Hobbs Brian P, Thall Peter F, Lin Steven H
Department of Biostatistics, University of Texas M.D. Anderson Cancer Center, Houston, TX.
Department of Radiation Oncology, University of Texas M.D. Anderson Cancer Center, Houston, TX.
J R Stat Soc Ser C Appl Stat. 2016 Feb;65(2):273-297. doi: 10.1111/rssc.12117. Epub 2015 Oct 26.
Delivering radiation to eradicate a solid tumor while minimizing damage to nearby critical organs remains a challenge. For esophageal cancer, radiation therapy may damage the heart or lungs, and several qualitatively different, possibly recurrent toxicities associated with chemoradiation or surgery may occur, each at two or more possible grades. In this article, we describe a Bayesian group sequential clinical trial design, based on total toxicity burden (TTB) and progression-free survival duration, for comparing two radiation therapy modalities for esophageal cancer. Each patient's toxicities are modeled as a multivariate doubly stochastic Poisson point process, with marks identifying toxicity grades. Each grade of each type of toxicity is assigned a severity weight, elicited from clinical oncologists familiar with the disease and treatments. TTB is defined as a severity-weighted sum over the different toxicities that may occur up to 12 months from the start of treatment. Latent frailties are used to formulate a multivariate model for all outcomes. Group sequential decision rules are based on posterior mean TTB and progression-free survival time. The proposed design is shown to provide both larger power and smaller mean sample size when compared to a conventional bivariate group sequential design.

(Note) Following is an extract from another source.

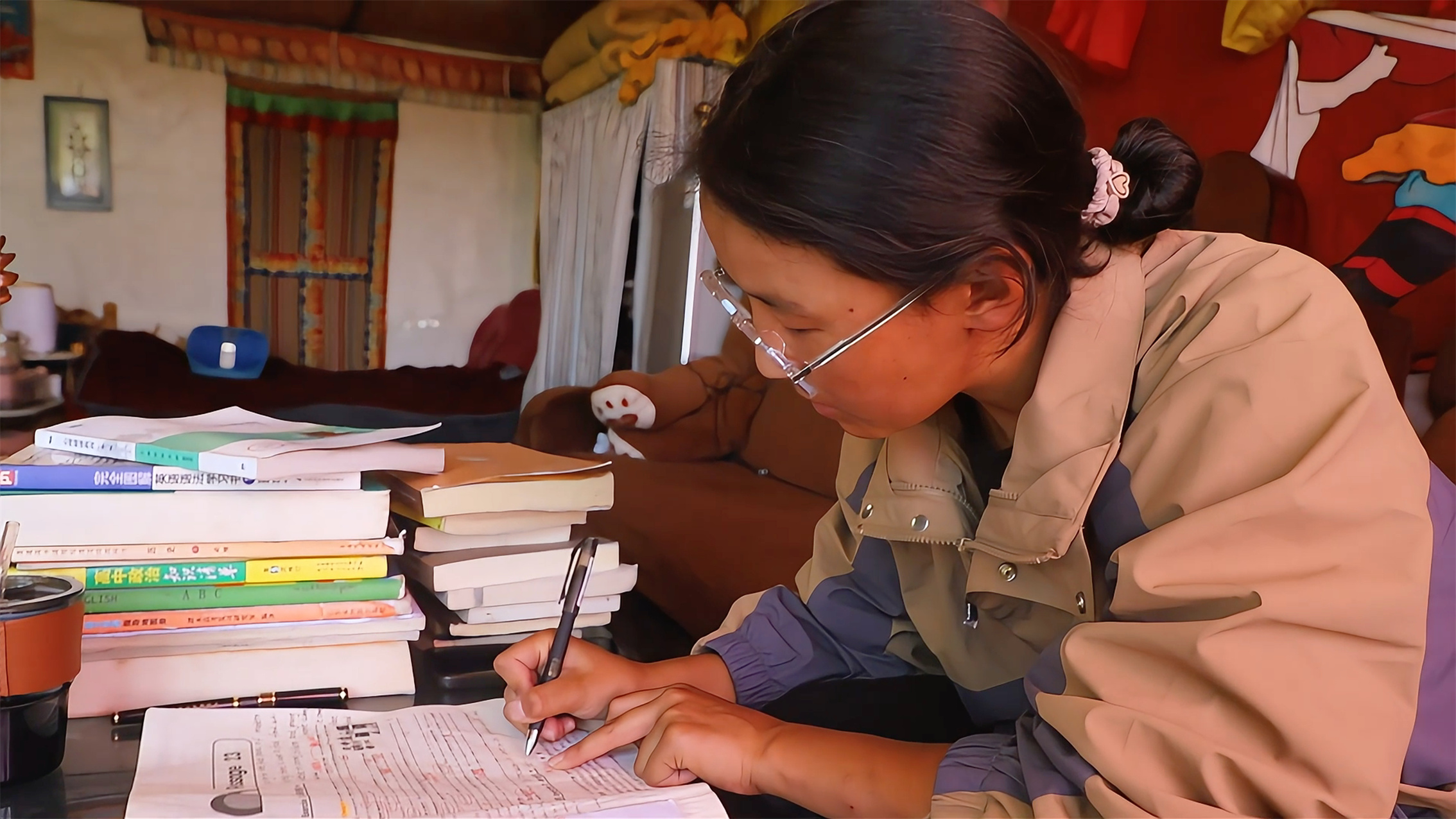 扎西拉姆作為家中的老四,從小便展現出了與眾不同的堅韌與聰慧。她深知家里的每一筆開銷都凝聚著父母的汗水與期望,因此,在學習上她從未有過絲毫懈怠。“每次放假回來,我都會很快地做完家務事,然后開始學習,想到唯有學習才能夠改變家中的現狀,更能改變自己的命運,我就充滿斗志。我從不會給自己設立固定的學習環境,草地和山坡都是我學習的平臺。”草地上、山坡頭、夜深人靜的燈光下……總能見到扎西拉姆埋頭苦讀的身影。

在将辐射用于根除实体瘤的同时,尽量减少对附近关键器官的损害仍然是一项挑战。对于食管癌,放射治疗可能会损害心脏或肺部,并且可能会出现几种性质不同、可能反复出现的与放化疗或手术相关的毒性反应,每种毒性反应都有两个或更多可能的等级。在本文中,我们描述了一种基于总毒性负担(TTB)和无进展生存期的贝叶斯组序贯临床试验设计,用于比较两种食管癌放射治疗方式。将每位患者的毒性反应建模为一个多变量双随机泊松点过程,用标记来识别毒性等级。从熟悉该疾病和治疗方法的临床肿瘤学家那里获取每种毒性反应类型的每个等级的严重程度权重。TTB被定义为从治疗开始起长达12个月内可能出现的不同毒性反应的严重程度加权总和。使用潜在脆弱性来构建所有结局的多变量模型。组序贯决策规则基于后验均值TTB和无进展生存时间。与传统的双变量组序贯设计相比,所提出的设计显示出具有更大的功效和更小的平均样本量。